§ EXERCISE GOAL: Once you find the line with "A dark library" in the entries below, return exactly every line from it through the line with "How do I submit".

§ DATA PROVIDED:
*****

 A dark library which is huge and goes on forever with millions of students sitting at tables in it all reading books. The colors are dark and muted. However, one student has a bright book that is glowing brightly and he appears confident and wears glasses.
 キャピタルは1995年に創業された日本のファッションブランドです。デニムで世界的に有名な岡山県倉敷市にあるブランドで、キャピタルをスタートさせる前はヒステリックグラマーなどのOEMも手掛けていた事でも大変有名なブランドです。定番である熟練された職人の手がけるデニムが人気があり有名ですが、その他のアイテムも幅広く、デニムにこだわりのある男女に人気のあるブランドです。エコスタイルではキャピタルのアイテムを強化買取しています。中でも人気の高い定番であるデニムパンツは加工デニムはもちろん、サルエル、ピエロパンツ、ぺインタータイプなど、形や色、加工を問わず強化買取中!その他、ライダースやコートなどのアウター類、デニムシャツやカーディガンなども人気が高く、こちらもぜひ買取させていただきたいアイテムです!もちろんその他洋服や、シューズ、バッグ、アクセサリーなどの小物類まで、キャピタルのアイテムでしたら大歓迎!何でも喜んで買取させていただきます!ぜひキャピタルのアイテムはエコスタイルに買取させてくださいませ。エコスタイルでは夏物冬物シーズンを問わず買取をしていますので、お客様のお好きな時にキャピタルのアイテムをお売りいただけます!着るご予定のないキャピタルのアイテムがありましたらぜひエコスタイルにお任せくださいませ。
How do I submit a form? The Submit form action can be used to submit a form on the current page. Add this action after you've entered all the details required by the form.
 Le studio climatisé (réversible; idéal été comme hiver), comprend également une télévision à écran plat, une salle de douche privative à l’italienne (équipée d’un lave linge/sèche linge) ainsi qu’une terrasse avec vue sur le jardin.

*****

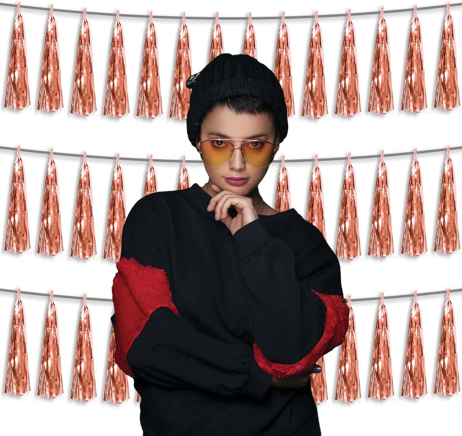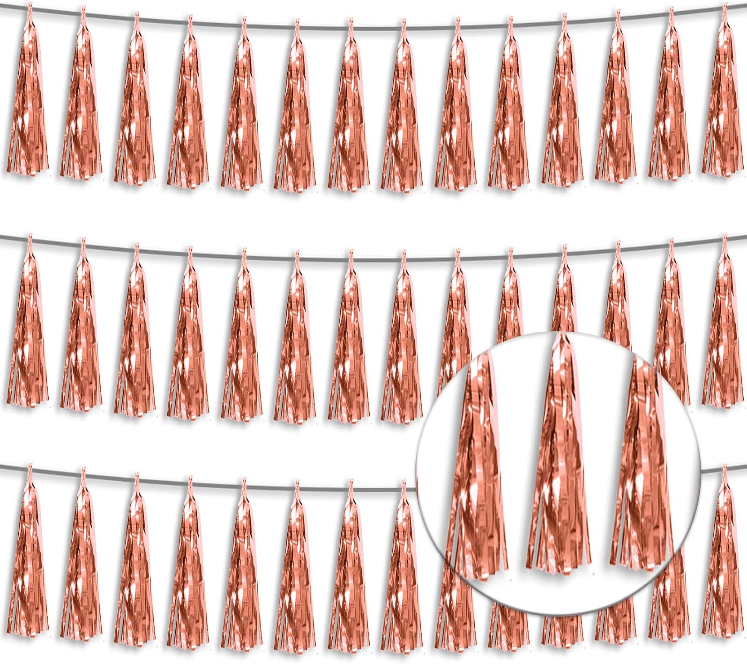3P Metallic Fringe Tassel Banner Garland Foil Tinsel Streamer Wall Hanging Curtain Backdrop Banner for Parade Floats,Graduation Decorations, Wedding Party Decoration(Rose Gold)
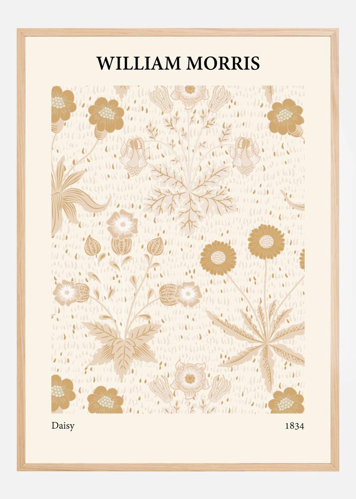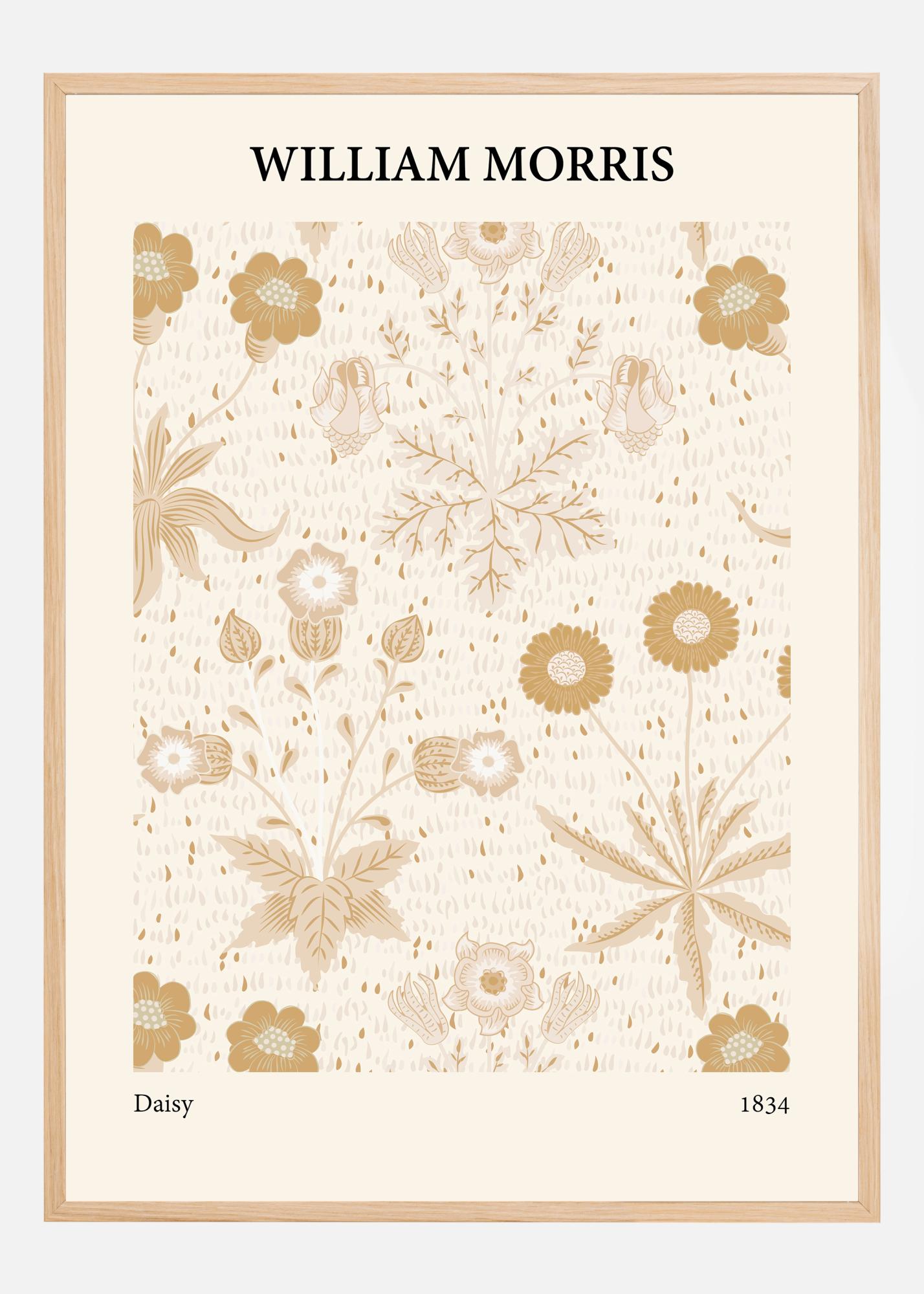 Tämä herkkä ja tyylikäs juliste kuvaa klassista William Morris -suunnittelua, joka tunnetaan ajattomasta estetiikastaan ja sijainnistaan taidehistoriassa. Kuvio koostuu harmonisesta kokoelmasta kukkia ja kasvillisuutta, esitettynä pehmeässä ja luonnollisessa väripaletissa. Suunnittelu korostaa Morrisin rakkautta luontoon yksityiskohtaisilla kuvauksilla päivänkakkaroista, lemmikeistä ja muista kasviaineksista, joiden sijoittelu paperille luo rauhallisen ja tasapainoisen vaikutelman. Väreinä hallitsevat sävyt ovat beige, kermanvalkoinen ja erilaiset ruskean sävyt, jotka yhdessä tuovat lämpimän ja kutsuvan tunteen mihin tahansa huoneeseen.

*****

§ ANSWER SECTION:
 A dark library which is huge and goes on forever with millions of students sitting at tables in it all reading books. The colors are dark and muted. However, one student has a bright book that is glowing brightly and he appears confident and wears glasses.
 キャピタルは1995年に創業された日本のファッションブランドです。デニムで世界的に有名な岡山県倉敷市にあるブランドで、キャピタルをスタートさせる前はヒステリックグラマーなどのOEMも手掛けていた事でも大変有名なブランドです。定番である熟練された職人の手がけるデニムが人気があり有名ですが、その他のアイテムも幅広く、デニムにこだわりのある男女に人気のあるブランドです。エコスタイルではキャピタルのアイテムを強化買取しています。中でも人気の高い定番であるデニムパンツは加工デニムはもちろん、サルエル、ピエロパンツ、ぺインタータイプなど、形や色、加工を問わず強化買取中!その他、ライダースやコートなどのアウター類、デニムシャツやカーディガンなども人気が高く、こちらもぜひ買取させていただきたいアイテムです!もちろんその他洋服や、シューズ、バッグ、アクセサリーなどの小物類まで、キャピタルのアイテムでしたら大歓迎!何でも喜んで買取させていただきます!ぜひキャピタルのアイテムはエコスタイルに買取させてくださいませ。エコスタイルでは夏物冬物シーズンを問わず買取をしていますので、お客様のお好きな時にキャピタルのアイテムをお売りいただけます!着るご予定のないキャピタルのアイテムがありましたらぜひエコスタイルにお任せくださいませ。
How do I submit a form? The Submit form action can be used to submit a form on the current page. Add this action after you've entered all the details required by the form.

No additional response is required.